= Redistricting in Michigan =

Redistricting in Michigan is the process of drawing electoral district boundaries for Michigan's representatives in the United States House of Representatives. Redistricting occurs after each ten-year census, when the number of representatives (and thus number of districts) that Michigan is entitled to may change..

== History ==

=== 20th century ===
Republicans held legislative control of the redistricting process throughout most of the 19th and 20th centuries, with Democrats holding control only in the redistricting cycles following the census of 1850, 1890, 1970, 1980 and 1990.

==== 1990s ====
Following the 1990 United States census, Michigan lost the 18th and 17th districts.

=== 21st century ===

==== 2000s ====
Following the 2000 United States census, Michigan lost the 16th district. Republicans held control of the redistricting process.

==== 2010s ====
Following the 2010 United States census, Michigan lost the 15th district. Republicans held control of the redistricting process, using the REDMAP plan to maximize gains in legislative and congressional maps.

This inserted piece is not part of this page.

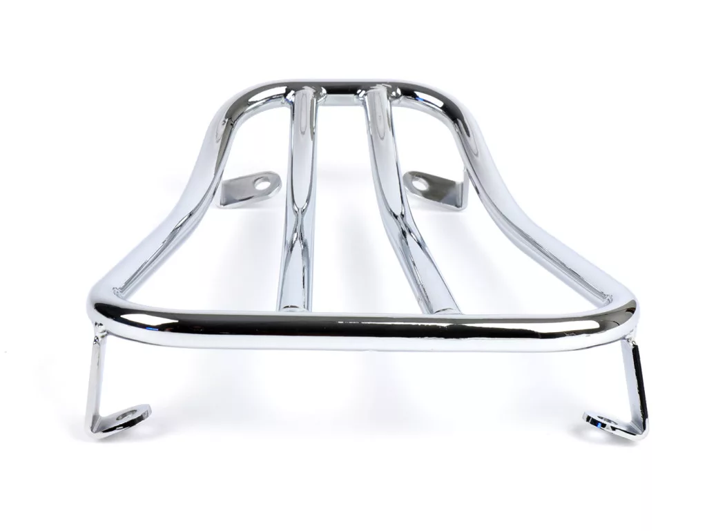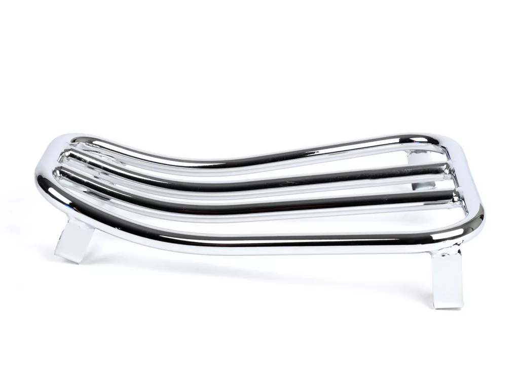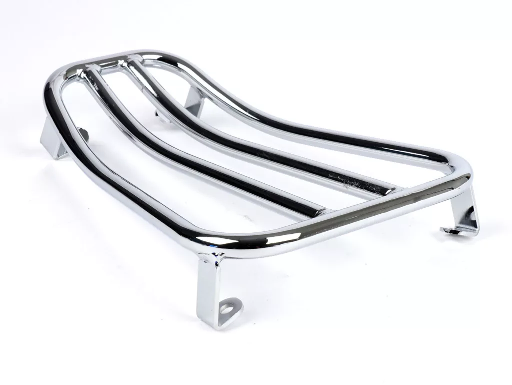 A csomagtartó hajlított csőből készült, amely fekete porfestéssel vagy fényes krómozással rendelkezik. Nagyon stabil kialakításának köszönhetően alkalmas nagyobb csomagok szállítására is. Összességében elmondható, hogy a gyönyörű Vespa vonalak kiemelkednek, és a mindennapi használhatóság jelentősen javul.

In 2018, voters approved of a proposal to establish an independent redistricting commission for congressional and state legislative districts for Michigan.

==== 2020s ====
Following the 2020 United States census, Michigan lost the 14th district. Despite retaining legislative majorities in the 2020 elections, Republican legislators no longer controlled the redistricting process, as the Michigan Independent Citizens Redistricting Commission was convened to redraw legislative and congressional maps. The new district lines resulted in Detroit failing to elect a black member of Congress for the first time in nearly 70 years.

On March 23, 2022, a group of nineteen African-American Detroiters who live in thirteen different Michigan House and Senate districts in portions of Detroit sued the MICRC for violating the Equal Protection Clause of the United States Constitution and the Voting Rights Act. On December 21, 2023, a three-judge panel of the United States District Court for the Western District of Michigan determined in Agee v. Benson that the MICRC "overwhelmingly - indeed, inescapably" drew the boundaries of the plaintiffs' districts predominantly on the basis for race. The three-judge panel enjoined further use of the Michigan House and Michigan Senate maps drawn by the MICRC and ordered the maps to be redrawn.